Activity
Return exactly the lines from the "Reaim Chainsaw 20" line through the last line of the entries below. Include no pictures.

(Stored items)

□ □ □ □ □ □ □

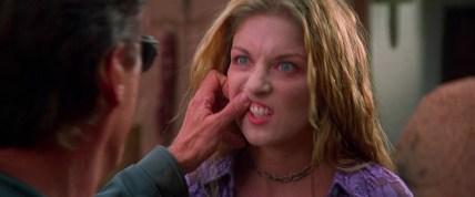 Celebrating their wipeout of a vampire nest, Vatican-sponsored team leader ‘Jack Crow’ (James Woods) and his men party in a motel with an array of hookers (cuz these are a high-class outfit). Ambushed in their debauch by superhuman Master Vampire ‘Velek’ (Thomas Ian Griffith), the partiers are slaughtered, with only ever-surly Jack, gruff assistant ‘Montoya’ (Daniel Baldwin) and Valek-bitten hooker ‘Katrina’ (Sheryl Lee) surviving the attack. With the hapless hooker now telepathically connected to the fiend, Jack and Montoya go into revenge mode. The population of New Mexico takes a sharp decline.
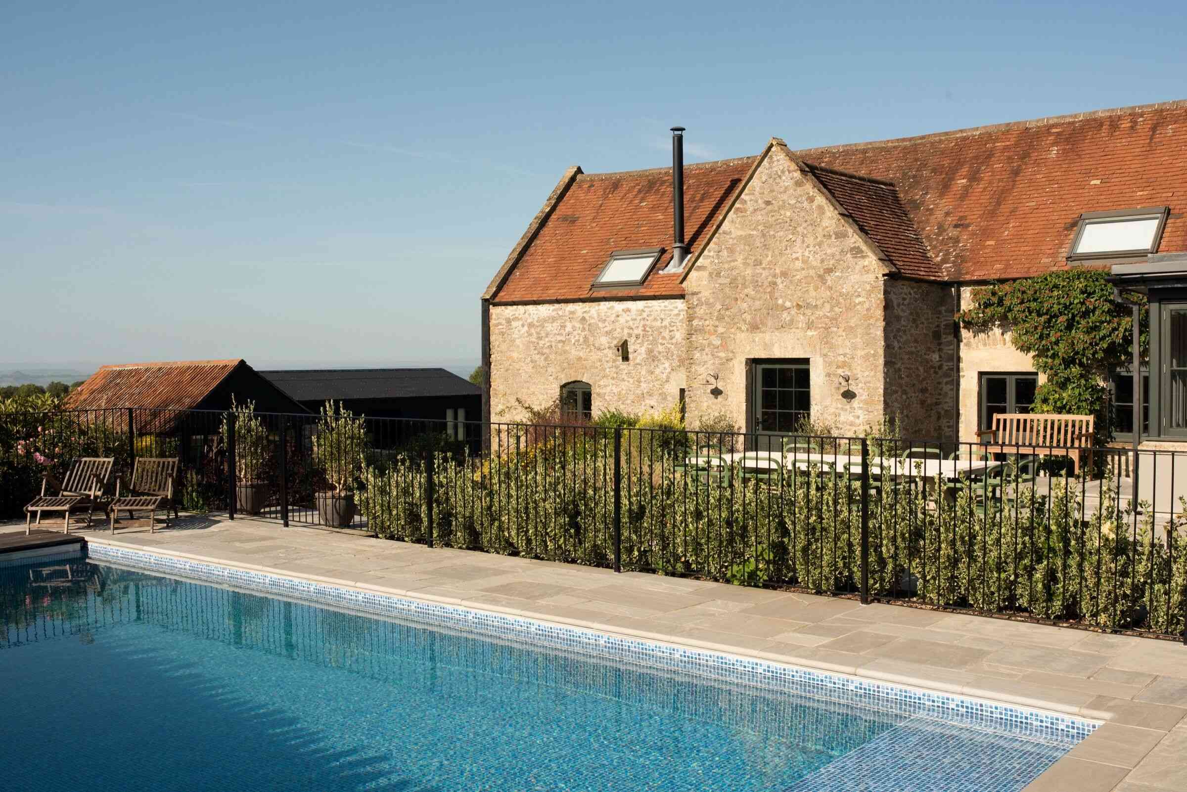 Częścią projektu była również renowacja strefy rekreacyjnej – odnowiono basen i przyległy domek gospodarczy, który zyskał nowy dach, drewnianą werandę i zewnętrzny prysznic wykończony czarnym drewnem. W miejscu dawnego garażu powstał nowy, jednopiętrowy domek dla gości wykonany z charakterystycznego czarnego drewna, będący współczesną interpretacją wiejskiej architektury. Jak podkreśla współzałożyciel studia, Max de Rosee, projekt Kilnwood był wyjątkowy ze względu na swoje wiejskie otoczenie i spektakularny widok na Glastonbury Tor. Architekci chcieli przeprowadzić renowację z wyjątkową wrażliwością, tworząc przestrzeń, która łączy rustykalny urok z nowoczesnym designem.
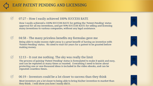 See how I easily achieved a 100% SUCCESS RATE for obtaining the legally powerful PATENT PENDING status for all my inventions, without any legal assistance. I've paid ABSOLUTELY NOTHING for expensive patent legal services, over the past 15 years! See how I easily achieved a 90% SUCCESS RATE for SELLING AND LICENSING many inventions to various companies, for AN INCREDIBLE AMOUNT OF MONEY....AND YOU COULD, TOO!
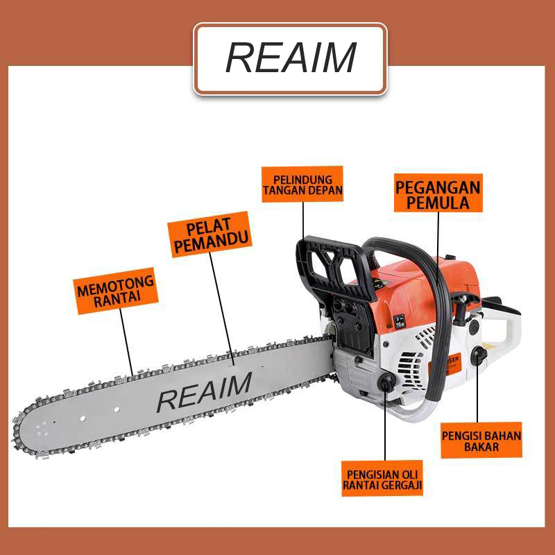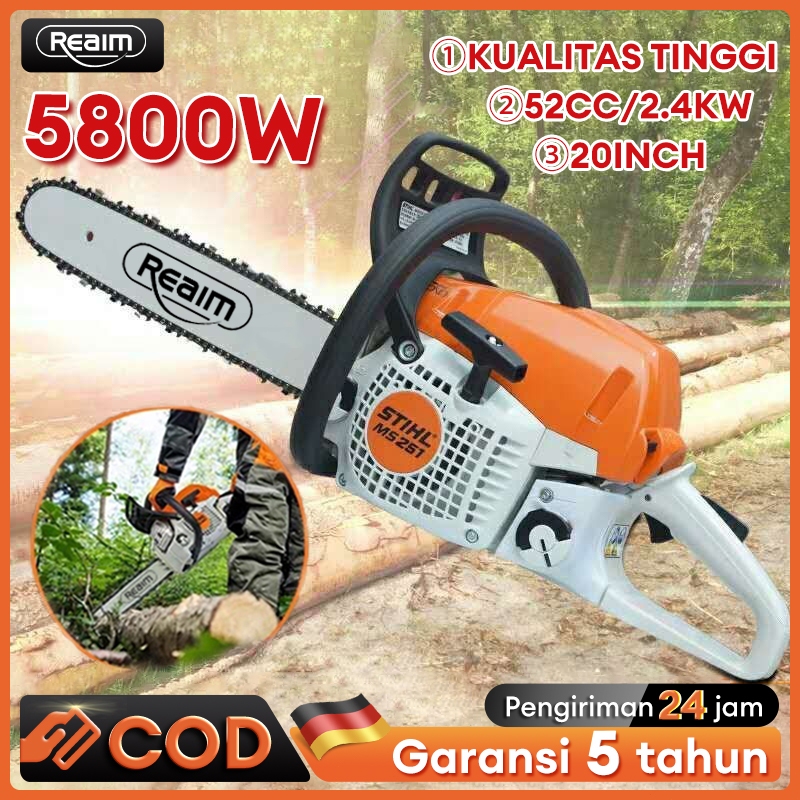 Reaim Chainsaw 20 Inch Kayu Gergaji Listrik 52CC 2/4 Tak Handheld Chain Saw Pemoton Mesin
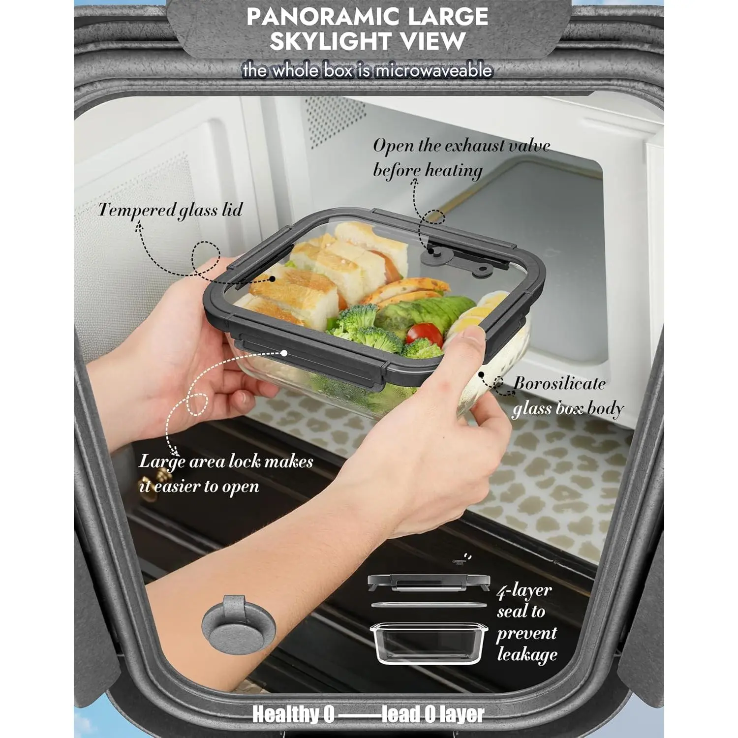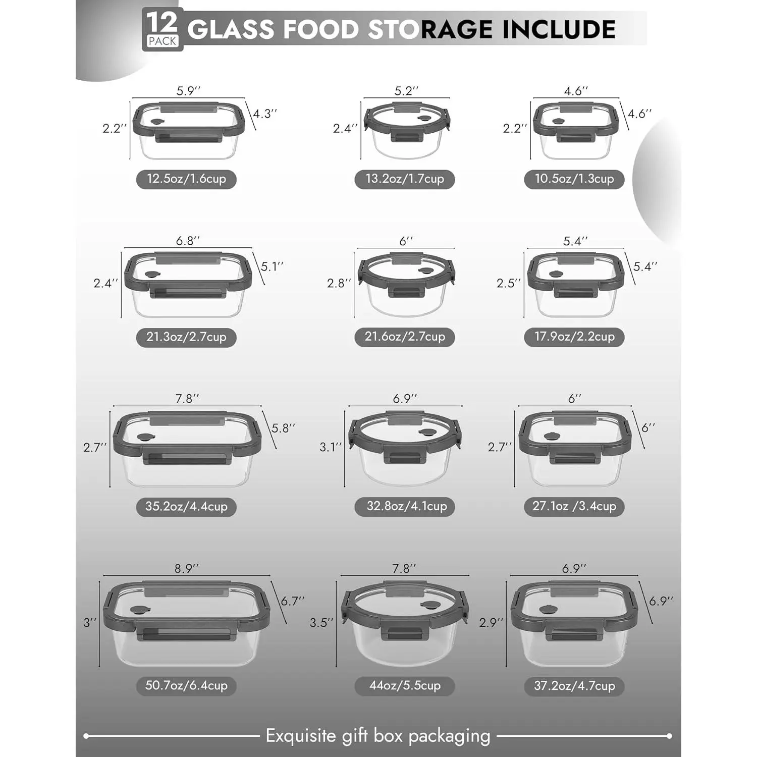 12-Pack Glass Containers with Tempered Lids – Borosilicate, Oven-Safe(-4°F~950°F), Airtight, BPA-Free, Multi-Size for Meal Prep, Dishwasher Safe (Gray)

□ □ □ □ □ □ □

Exercise answer
 Reaim Chainsaw 20 Inch Kayu Gergaji Listrik 52CC 2/4 Tak Handheld Chain Saw Pemoton Mesin
 12-Pack Glass Containers with Tempered Lids – Borosilicate, Oven-Safe(-4°F~950°F), Airtight, BPA-Free, Multi-Size for Meal Prep, Dishwasher Safe (Gray)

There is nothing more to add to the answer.